We are fully behind the Secretary General, the symbol of our U.N. The higher his regard, the happier we are. For example, we all felt gratified when the President of the Host Country, Barack Obama, made an exceptional reference in the official luncheon toast to the valuable role of the U.N. and the appreciated role of its Secretary General. Whatever the reason or need for that welcome reference, it offered Mr. Ban a needed boost -- and his beaming face reflected the sentiment. Many of us felt cheered up too. Yet in his own interest, similar attention could have been paid to substantive points mentioned about pressing priority issues. Merely ticking numbers of meetings off or churning out "readouts" may not be enough to impress experienced Heads of State, particularly on keen problems of direct relevance to their own country's role within a range of crucial U.N. operations.

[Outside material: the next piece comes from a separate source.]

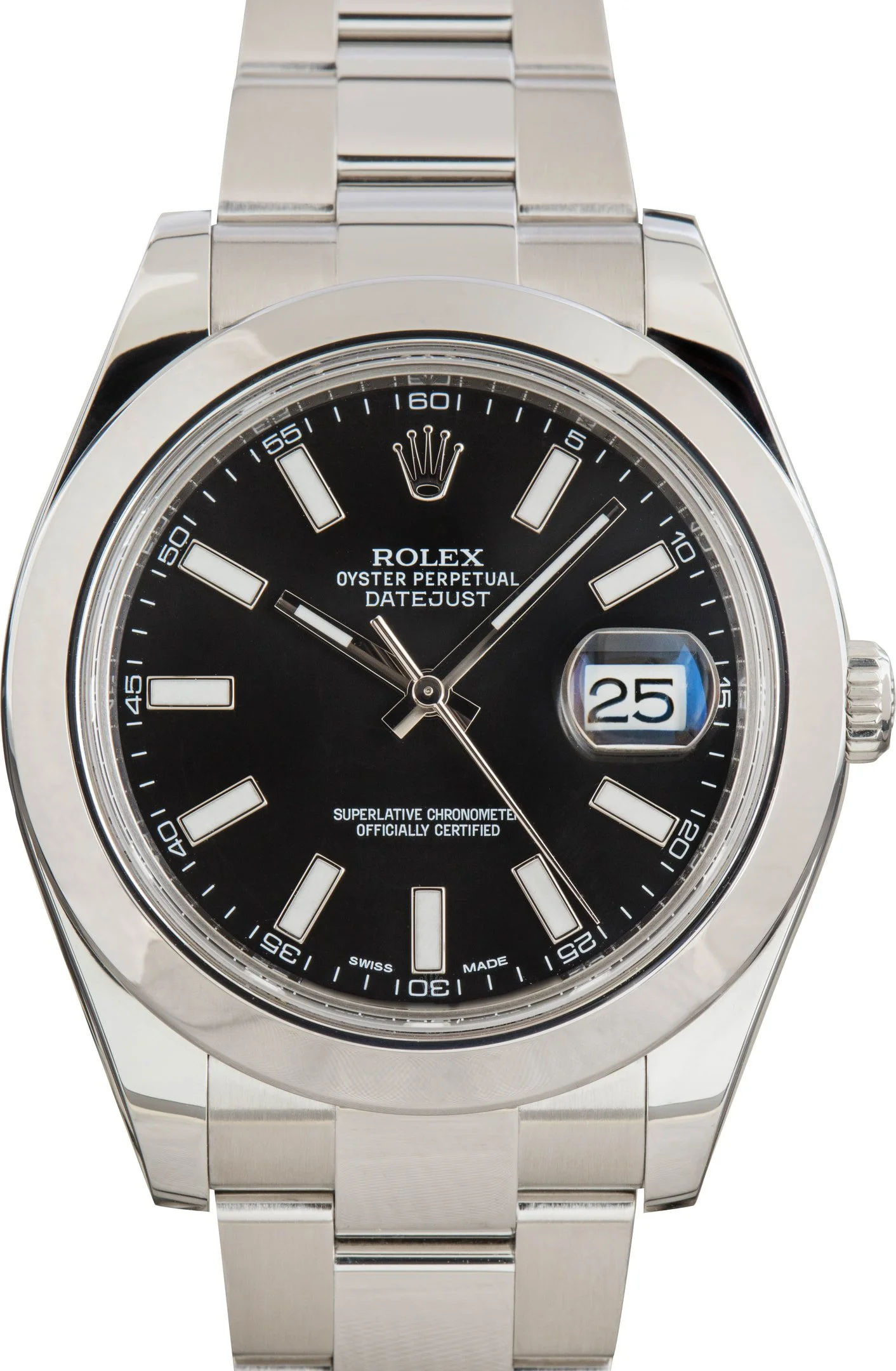 Why We Love This Watch This pre-owned Rolex Datejust II ref. 116300 (2017) delivers bold, modern styling with its sleek black dial and Super-LumiNova luminescent hands and markers. Its 41mm stainless steel case and Oyster bracelet offer a perfect balance of durability and refined presence on the wrist. Powered by the reliable Caliber 3136 automatic movement, this modern Datejust brings precision, versatility, and understated elegance to everyday wear. WATCH DETAILS BRAND Rolex MODEL NAME Datejust II MODEL NUMBER 116300 YEAR 2017 ITEM NUMBER 183738 CONDITION Excellent GENDER Mens BOX & PAPERS Box and Papers CASE MATERIAL Stainless Steel CRYSTAL Sapphire SIZE 41MM BEZEL Stainless Steel Smooth CASEBACK Solid SERIAL 67J29XXX DIAL Black w/ Index hour markers, Superluminova hands & Superluminova lume MOVEMENT CALIBRE 3136 TYPE Automatic BEZEL Fixed COMPLICATION Date BRACELET MATERIAL Stainless Steel TYPE Oyster CLASP Oysterclasp

Obviously, the Secretary General may need better briefings on the temperaments and priorities of those he meets or the occasion he attends. Ban Ki-moon seems to portray an impressive keen image when he speaks from his heart. Reading from notes, especially when rushed, is not his forte. At least he makes a polite genuine effort to be attentive, although it doesn't always work. But what about Deputy Secretary General Jan Eliasson? He never found any gathering he did not wish to address. Since he was voted out by the people of Sweden and sprung on the U.N. with a little help from his "friends," Eliasson clearly does not listen. He carries a list of politically-correct phrases and sprinkles them wherever and whenever sighting a camera or a listening ear. He has one groupie who was similarly voted out by her colleagues but keeps hanging on. Now he claims an urgent role on Syria; a while ago he postured about Sri Lanka but swiftly shifted gears when hitting sensitive ground. Even when the Secretary General is attending special meetings, he also joins in, with or without sunglasses -- depending on the number of cameras.

Although it would help a lot if at certain occasions the Secretary General took time to dwell on a specific issue elaborately with a specially interesting and interested guest, could he at least instruct his Deputy to LISTEN?!